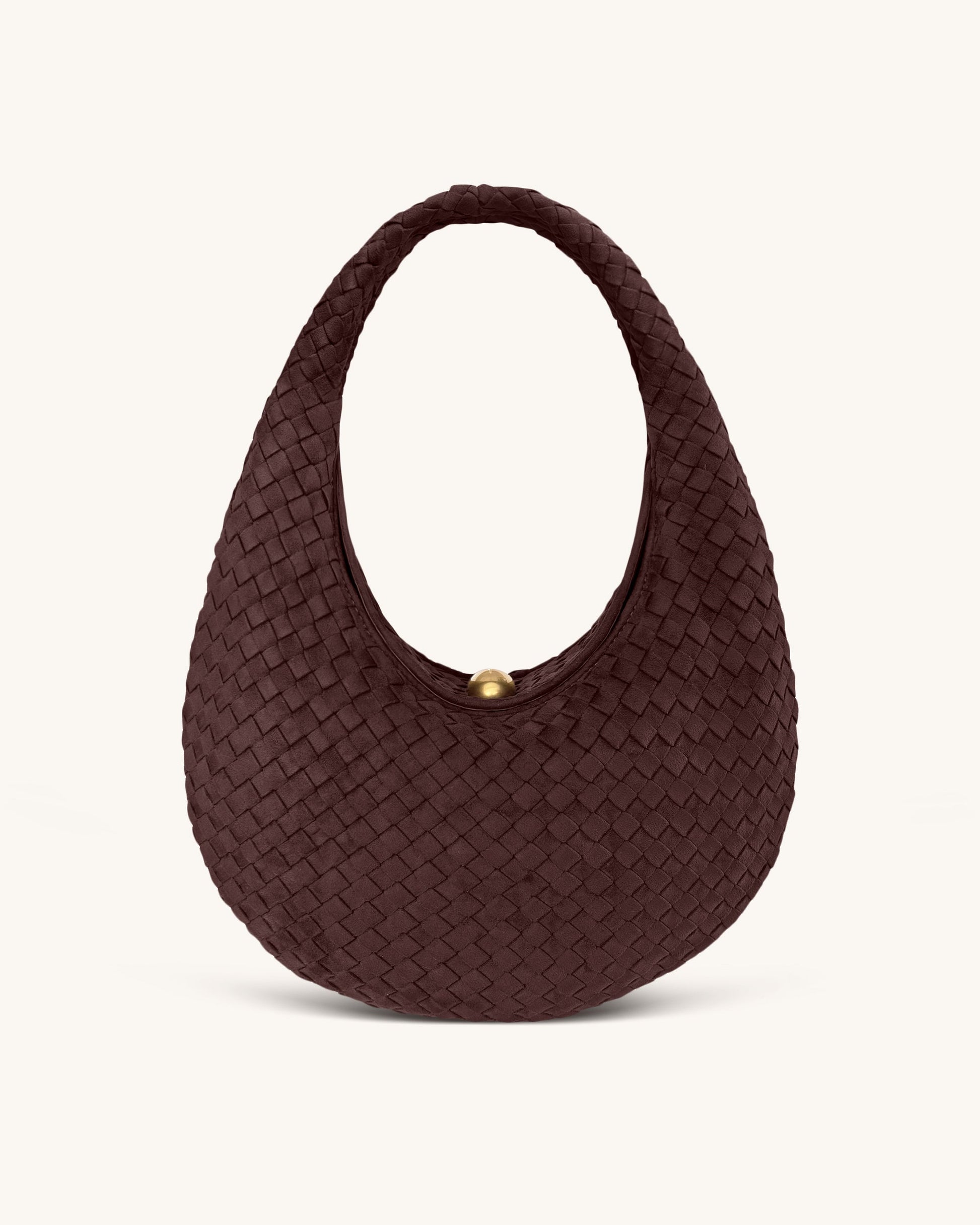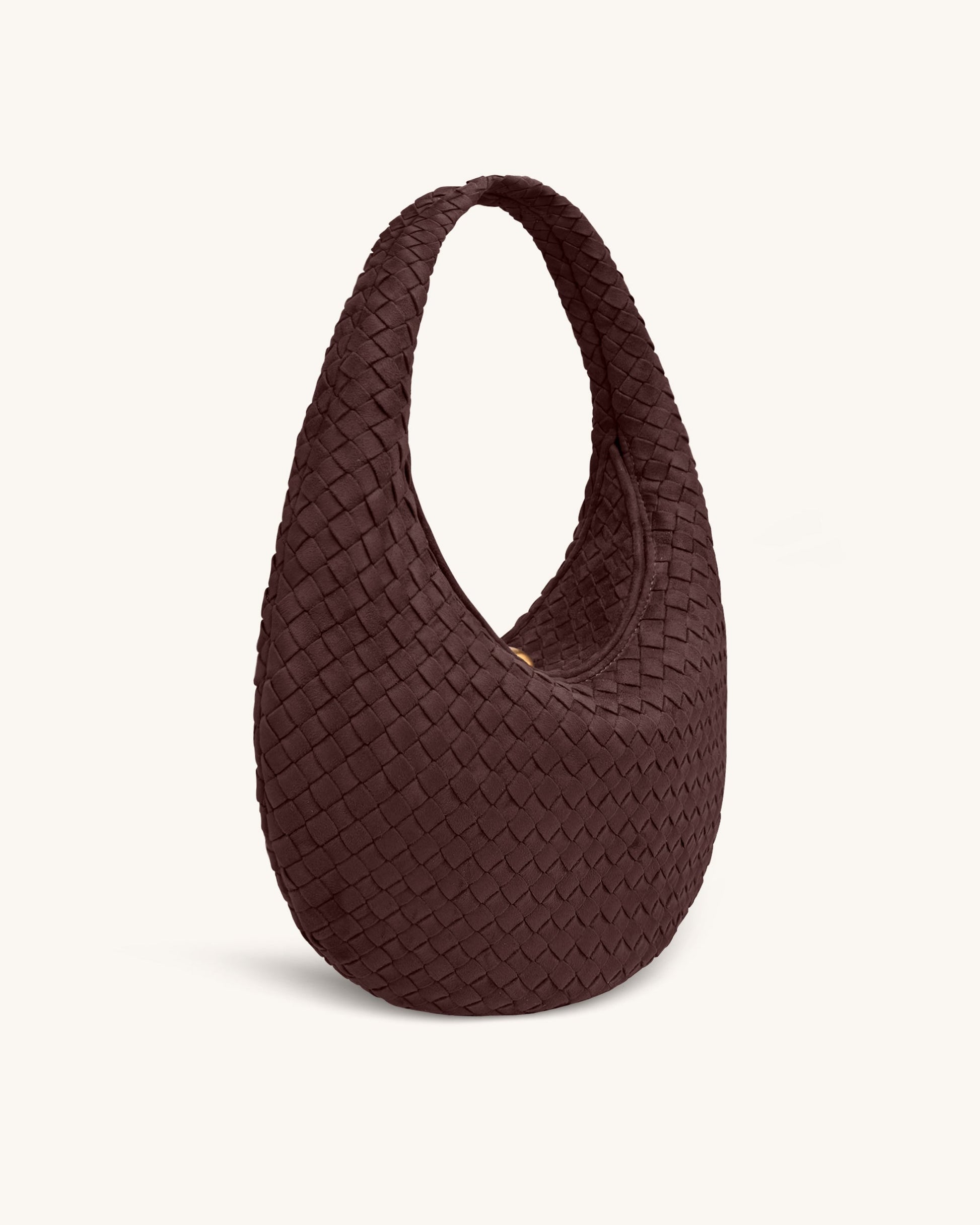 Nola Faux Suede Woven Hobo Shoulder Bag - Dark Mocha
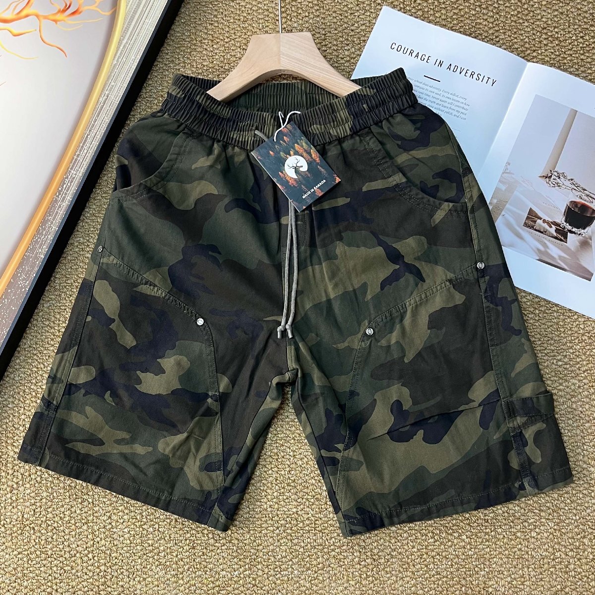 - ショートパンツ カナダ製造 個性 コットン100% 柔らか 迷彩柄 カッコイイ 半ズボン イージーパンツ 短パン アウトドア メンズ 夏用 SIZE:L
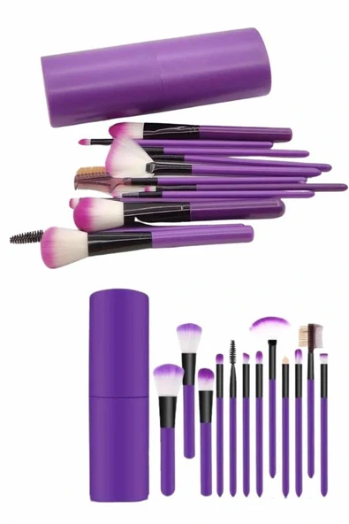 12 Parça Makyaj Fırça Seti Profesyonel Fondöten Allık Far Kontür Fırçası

**Your goal:**
Only the pictures stay behind; everything else in the data above is to be retyped exactly.

**Solved exercise:**
 Nola Faux Suede Woven Hobo Shoulder Bag - Dark Mocha
 - ショートパンツ カナダ製造 個性 コットン100% 柔らか 迷彩柄 カッコイイ 半ズボン イージーパンツ 短パン アウトドア メンズ 夏用 SIZE:L
 12 Parça Makyaj Fırça Seti Profesyonel Fondöten Allık Far Kontür Fırçası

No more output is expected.